Not sure why trek didn't just add bt into the current duotrap design.


----------



## softreset

Wow, that's the first time I've seen the 2015 FX lineup, really nice stuff. Good find!


----------



## PoorInRichfield

The DuoTrap S will apparently fit the new Emonda frame as well.

I'm a little P.O.'ed at track for changing the form factor of the sensor.

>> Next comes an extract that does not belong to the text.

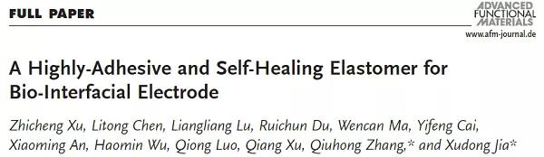 柔性可拉伸電極在可穿戴電子領(lǐng)域中具有廣泛的應(yīng)用。近年來(lái),隨著醫(yī)療器械的發(fā)展,人們對(duì)可拉伸電極材料的功能性要求也越來(lái)越高。如用于監(jiān)測(cè)生物電信號(hào)的電極材料不僅需要優(yōu)異的彈性和導(dǎo)電性,還需要和生物界面具有優(yōu)異的粘附性來(lái)保證信號(hào)的穩(wěn)定性。目前所采用的電極所采用的基體材料通常采用硅橡膠類(lèi)彈性體,這類(lèi)聚合物在具有高彈性的時(shí)候并不能具備粘附性。因此制備一種本身具有粘性的彈性體具有重要的意義。針對(duì)這一問(wèn)題,南京大學(xué)化學(xué)化工學(xué)院張秋紅副教授、賈敘東教授課題組將帶有二羥基的多巴胺基團(tuán)引入到以聚四氫呋喃醚基聚氨酯體系中,利用體系內(nèi)的動(dòng)態(tài)氫鍵和多巴胺間相互作用,制備了一種新型的“粘”彈體(斷裂形變5100%,斷裂強(qiáng)度1.9 MPa,粘附強(qiáng)度62 kPa)。

I just bought a 2014 Domane and would've loved to have a sensor with Bluetooth capabilities, but instead I'm stuck with the old-school DuoTrap on a brand new bike :mad2:


----------



## Flieger67

PoorInRichfield said:


> The DuoTrap S will apparently fit the new Emonda frame as well.
> 
> I'm a little P.O.'ed at track for changing the form factor of the sensor. I just bought a 2014 Domane and would've loved to have a sensor with Bluetooth capabilities, but instead I'm stuck with the old-school DuoTrap on a brand new bike :mad2:


I wouldn't give up a DuoTrap with BT that fits in the Domane's chainstay. I was talking just yesterday with my friend who's the local Trek dealer about this topic. He hadn't heard for sure that there would be a BT-capable DuoTrap for the Domane and other existing road frames, but "Trek World" (the big dealer meeting that Trek often uses to launch new products) is next month and he's going to ask about the BT DuoTrap if nothing is said ahead of time.


----------



## softreset

PoorInRichfield said:


> I just bought a 2014 Domane and would've loved to have a sensor with Bluetooth capabilities, but instead I'm stuck with the old-school DuoTrap on a brand new bike :mad2:


FWIW, you might have bought a 'brand new' bike but that bike was built (most likely) in late 2013 or early 2014. I just bought a Domane 5.9 two weeks ago and it was built in September of 2013.


----------



## PoorInRichfield

softreset said:


> FWIW, you might have bought a 'brand new' bike but that bike was built (most likely) in late 2013 or early 2014. I just bought a Domane 5.9 two weeks ago and it was built in September of 2013.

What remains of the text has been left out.